Dulcie sighed, letting the sad little thing dangle on her fingertips.
She did not look hopeful.
She flipped open the first flap, then sort of had to pry open the other flap as it stuck to the chocolate. Apparently, whatever flavor she’d made was something very, very sticky.
Nick’s stomach rolled as if he’d eaten a vat full of whatever the sticky was.
Please let one be okay, please let one be okay, he said in a silent plea.
Dulcie peered over the edge of the box, into the gooey contents.
She gasped.
Nick’s heart beat faster, hoping beyond hope it was a good gasp.
“I think…,” Dulcie said, tearing down the side of the box. “Yes, I think this one might work.”
She raced to the little hotel room table and balanced on the edge of one of the ridiculous easy chairs. Nick never could figure out why hotels often put easy chairs at a dining height table. He shook the thought out of his h
ead, and though he felt a little silly, he crossed his fingers. Behind his back, of course, so Dulcie wouldn’t see.
By now she had the entire box laid flat, having ripped the sides all the way open, sort of like a deranged flower that had been run over by a car, all splayed out with goo oozing from the middle.
“This one’s intact,” she said, more to herself than to Nick. “But it’s got nougat on it. If I could just…” She ripped off one of the sides of the already torn box, scraping nougat away from what actually did seem like a whole chocolate.

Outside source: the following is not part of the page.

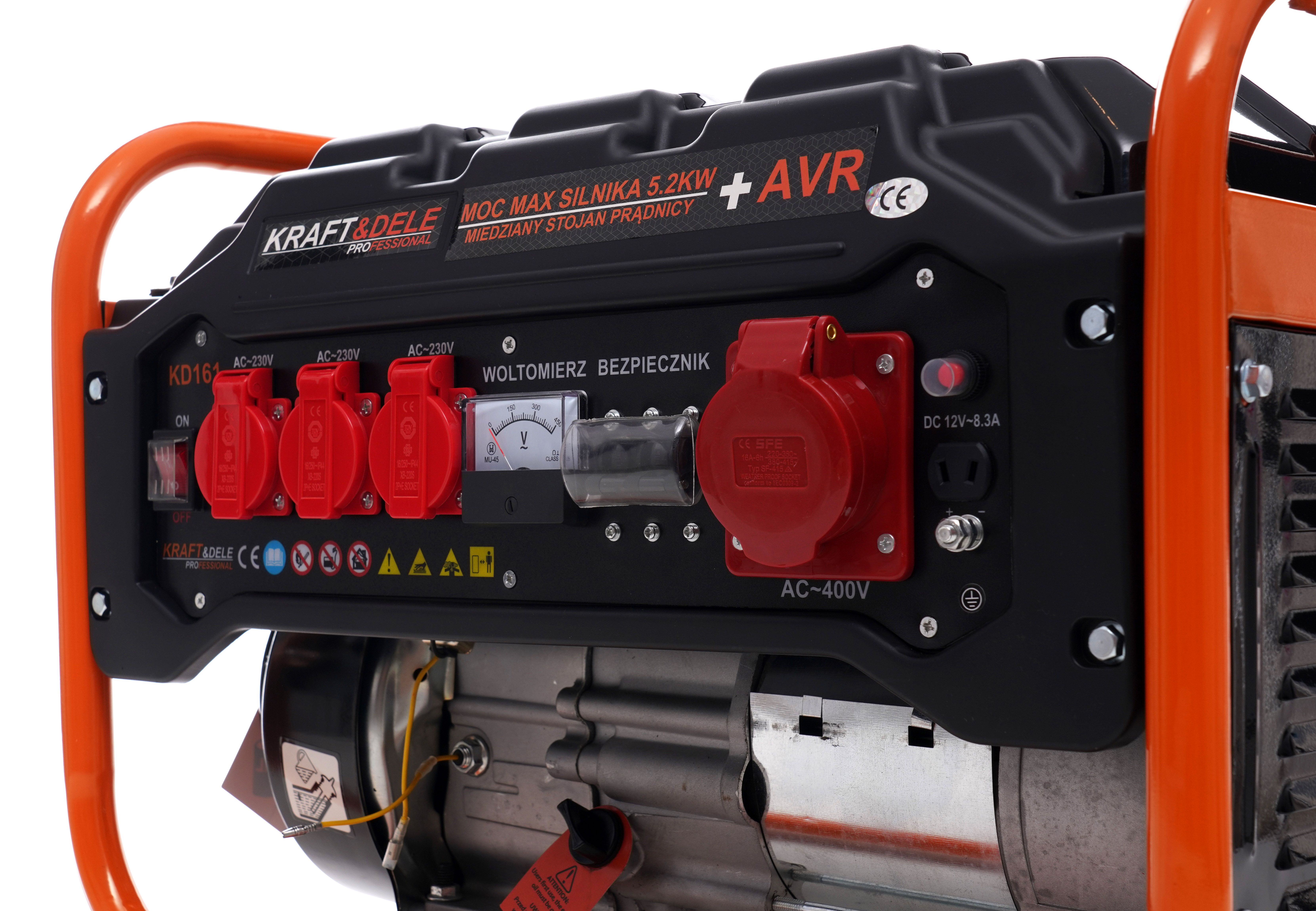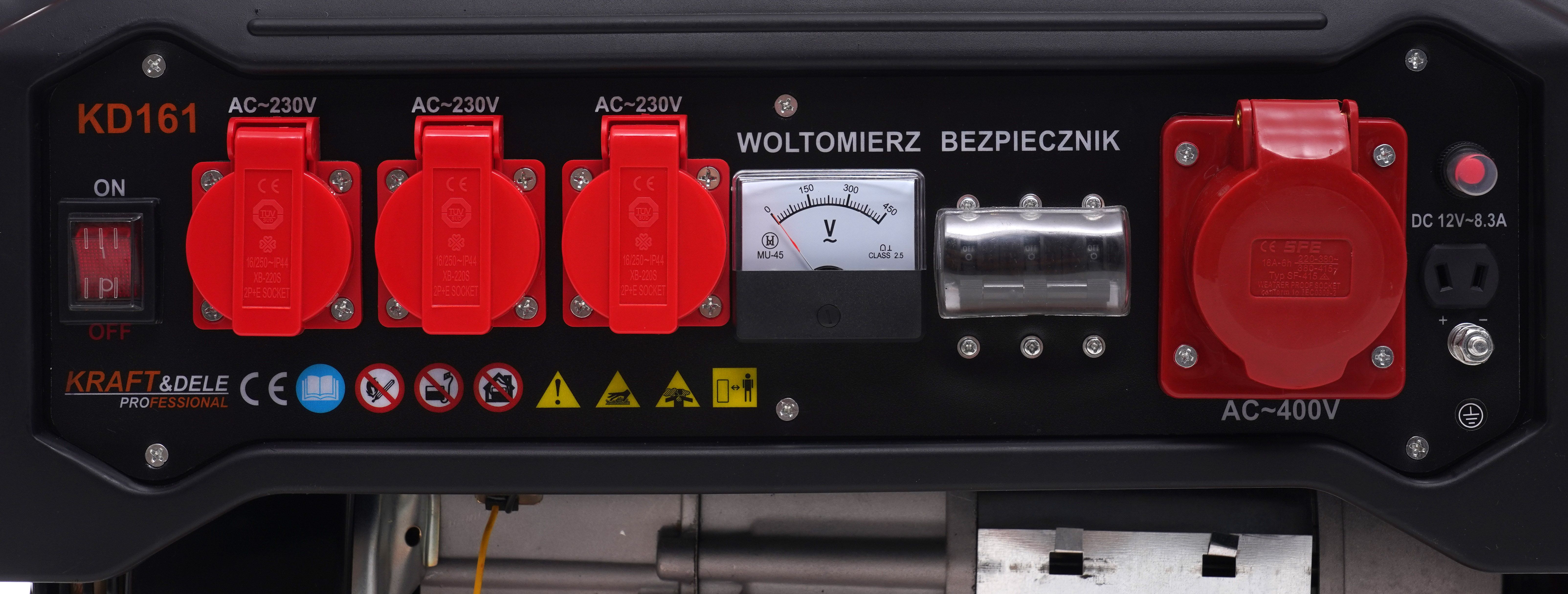 Woltomierz i wskaźnik paliwa ułatwiają kontrolę, a rozruch ręczny pozwala uruchomić agregat prądotwórczy KD161 bez dodatkowej infrastruktury.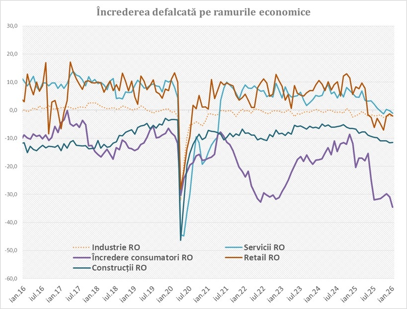 În cazul consumatorilor, indicele a scăzut cu 3,7 puncte față de decembrie, și la -34,6 puncte este la cel mai redus nivel de după perioada 2010-2011, când se simțea efectul măsurilor de austeritate: creșteri de taxe și scăderea salariilor bugetarilor. Un nivel atât de scăzut nu a fost atins nici măcar în pandemie.

The cardboard was too flimsy for the job, but Dulcie was determined, and soon she had it almost as good as new; a bit glossier than the good ones in the other box, but all in all, the judges probably wouldn’t notice anything out of the ordinary. She placed a few bits of some sort of decoration carefully on top of the chocolate.
Dulcie picked up the restored candy and set it in the empty spot in the other box. She let out a long, slow breath as she resealed it.
“I think it’s going to work.”
Nick hadn’t realized how tense he’d become watching her fix the fallen chocolate. “Do you want me to come down to the conference room with you?”
She shook her head. “I’d rather do it myself. I just want to get some sleep and start fresh in the morning.”
She didn’t believe him.
Nick nodded, his heart sinking. “Okay, I’ll see you then,” he said.
“Oh, I should get rid of this,” Dulcie said, folding the gooey box into a somewhat box-like shape again and taking it with her, holding it close, like she was protecting it.
“Good luck tomorrow,” Nick said as she left.
“Thanks,” she said, and walked out without saying it back.
Chapter Thirteen
The competition, the somewhat less than pristine chocolate in her box of samples, and the suspicion over whether Nick was genuine or not weighed on Dulcie’s mind all night. Of course, Grams’s snore fest didn’t help the sleep situation, so by the time Grams flung the curtains open, singing an old boy-band song, Dulcie was not at her best, to say the least.